Construction of the Darwin Centre began in 2006. It took 280 people 25 months to build, and opened to the public in September 2009.

Darwin Centre design

The CF Møller Architects design beat 59 other submissions from international architects for the client (Natural History Museum). Their winning project addressed the key challenges issued by the client to accommodate a highly protected and moderated interior environment, as well as being outwardly expressive and representative of the collection.

The structure also had to respect the existing architectural heritage of the adjacent Alfred Waterhouse Museum building, constructed in the 1870s, and the more contemporary first phase of the Darwin Centre, while also creating a symbolic link between the manmade and natural worlds.

Led by partner-in-charge Anna Maria Indrio, the design team came up with the idea of a cocoon-shaped structure that would at once provide protection for its contents, while drawing attention to the fascinating world of science through its form. Indrio describes the building’s form as reflective of evolution itself.


Structural engineers Arup collaborated with the architects in engineering the Darwin Centre cocoon, which is formed from a series of interconnecting geometrical shapes based on mathematical equations.

The curving structure is 65m long and 12m wide, and provides 16,000m² of floor space. The walls are made of woven mesh supported by reinforced steel rods with 30cm-thick sprayed concrete, and finished with ivory-coloured polished plaster. The cocoon is the largest curving sprayed concrete structure in Europe, reaching 28m high with a surface area of 3,500m². The structure used 30 steel columns of 28m height each.

"The £78m building houses 17 million entomological specimens and three million botanical specimens"

The cocoon itself is protected by an eight-storey glass atrium, which is open to the public. The atrium is filled with natural light, and overlooks the Waterlife Garden in the museum grounds. In designing the atrium the architects were careful to assess the sun paths that would penetrate the cocoon, using computational modelling to understand the effect of light on the internal conditions of the cocoon.

Inside, the cocoon is kept at a steady 17°C and 45% relative humidity, the optimum conditions to store collections. A single small window allows in a small amount of natural light.

The volume of the structure is such that it cannot be seen in its entirety from any one point in the atrium, emphasising its massive scale and giving visitors a sense of the quantity and importance of the collections inside.
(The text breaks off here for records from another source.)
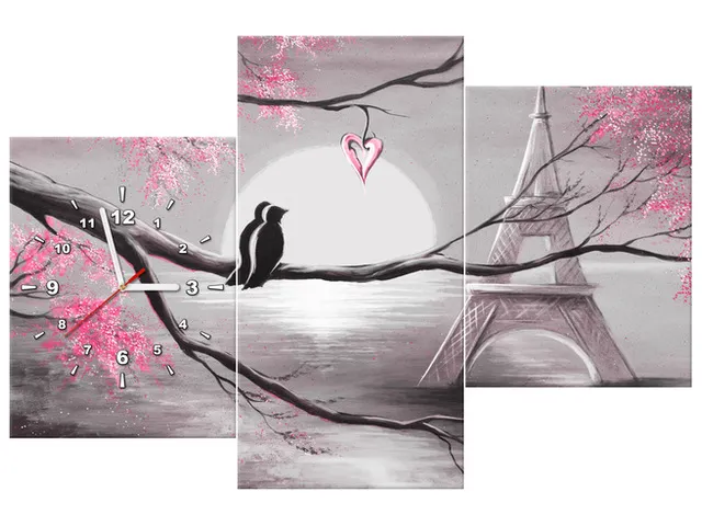 Úvod » Obrazy » Obrazy s hodinami » Hodiny Romantický východ slnka v Paríži v ružovej farbe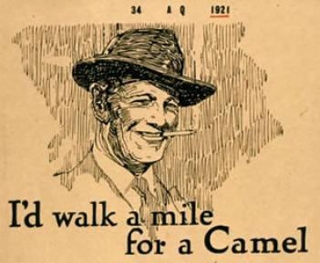 In the bad old days, billboards were allowed to promote cigarettes. Everyone smoked and the cancerous result was either not known or squashed or ignored as health concerns arose over the decades. Some advertising tag lines stick. One of these that lasted for decades is Camel cigarettes’ “I’d walk a mile for a camel!” which first appeared in the 1920s.Did you know that Camel was the first pre-rolled cigarette? Anyway the ad’s tag line indicated that the product was so good that people would expend effort such as walking distances in order to get it.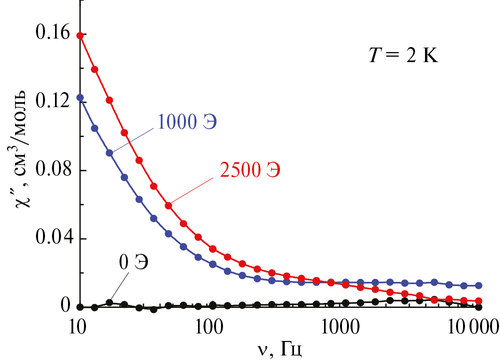 При исследовании динамики магнитного поведения с целью получения информации о наличии и параметрах магнитной релаксации в исследуемом комплексном соединении, в первую очередь, следует производить измерения частотных зависимостей динамической магнитной восприимчивости (действительной χ´(ν) и мнимой χ˝(ν) компонент) в нулевом магнитном поле, а также магнитных полях различной напряженности при минимально возможной температуре эксперимента. Наиболее характерными значениями напряженности магнитного поля Hdc, при которых проводят измерения χас: 0, 500, 1000, 1500, 2000, 2500, 5000 Э. Минимальная достаточно стабильная температура эксперимента на оборудовании фирмы Quantum Design — 2 К (температуры ниже температуры кипения жидкого гелия 4.2 K получают методом откачки паров гелия). На первом этапе с целью оптимизации времени эксперимента измерения проводят при напряженностях магнитного поля, кратных 1000 Э. При отсутствии отличных от нулевых значений χ˝ эксперимент прекращают. Следует иметь в виду, что критерием отличия от нулевых значений χ˝ следует считать χ˝ ≥ χ´/10 в одинаковых единицах измерения, т.е. величины χ˝, которые были не более чем в 10 раз меньше значений χ´ при той же частоте, температуре, амплитуде модуляции и напряженности внешнего магнитного поля (для примера см. далее рисунки, на которых представлены χ´ и χ˝).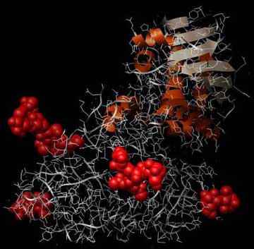 Abb.: 3D-Raumstruktur von Ricin, PDB-ID 2AAI, visualisiert mit Chimera. Seitenansicht, unten die erste Untereinheit, oben die zweite Untereinheit, rote Bereiche sind die Zuckerketten.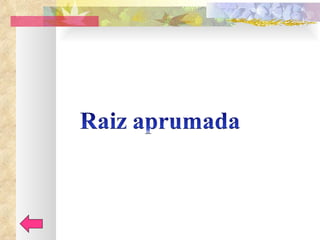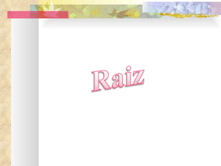 O documento fornece uma introdução sobre a variedade de plantas existentes e suas características básicas de necessidade de ar, água, luz e calor. Em seguida, classifica as plantas de acordo com a forma de cultivo, tamanho, se cultivadas pelo homem ou espontâneas. Por fim, descreve as partes principais da planta, nomeadamente a raiz, sua constituição e tipos.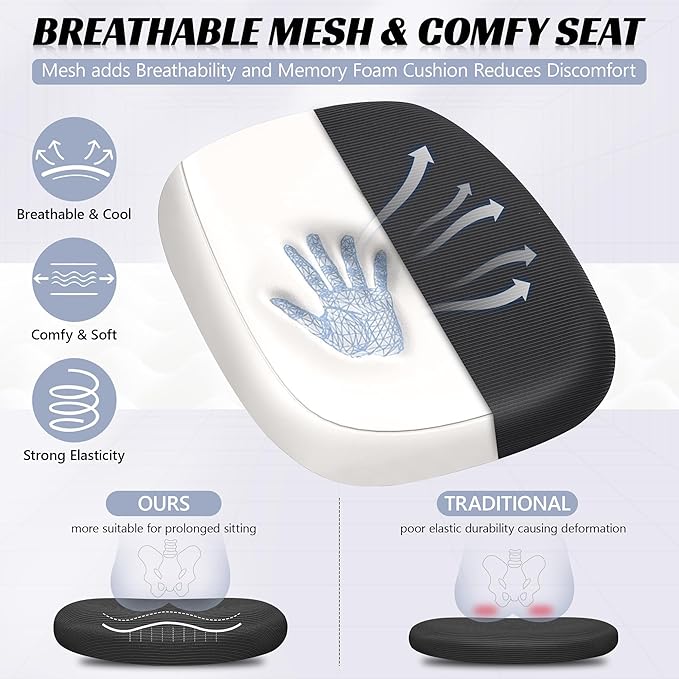 • 【Breathable & Soft】: Imagine sinking into an mesh office chair that feels like sitting on a cloud. Breathable mesh helps with air circulation, and a soft and high rebound cushion, achieves a perfect combination of breathability and comfort, staying cool and comfortable even during the longest working hours.

From a distance, the atrium appears as a transparent sheath, obscuring yet alluding to the mass that lies behind.

The atrium facade has a skeleton of full height single-span steel columns fitted with a ceramic frit double glazed curtain walling system. The atrium roof is made of triple-layered ETFE, while Portland limestone was used for the atrium floor.

Access to the cocoon is via a ground floor entrance, which leads visitors up an organised route through the collections and science workshops.


Bam construction was responsible for construction and hired McGee Group for providing civil engineering and construction services.
Sutton Vane Associates provided lighting in various areas of the atrium, including an 85m line of LEDs at the base of the cocoon.

Fulcrum Consulting and Turner & Townsend worked with Arup as consultants of the project. Stone Cladding International provided Portland Jordans Whitbed limestone cladding for the stairs. Euroflo Group provided the heating, ventilation, and air-conditioning (HVAC) solution for the building.

A contract worth more than £1m ($1.6m) was awarded to Thyssenkrupp for providing elevators for the building project.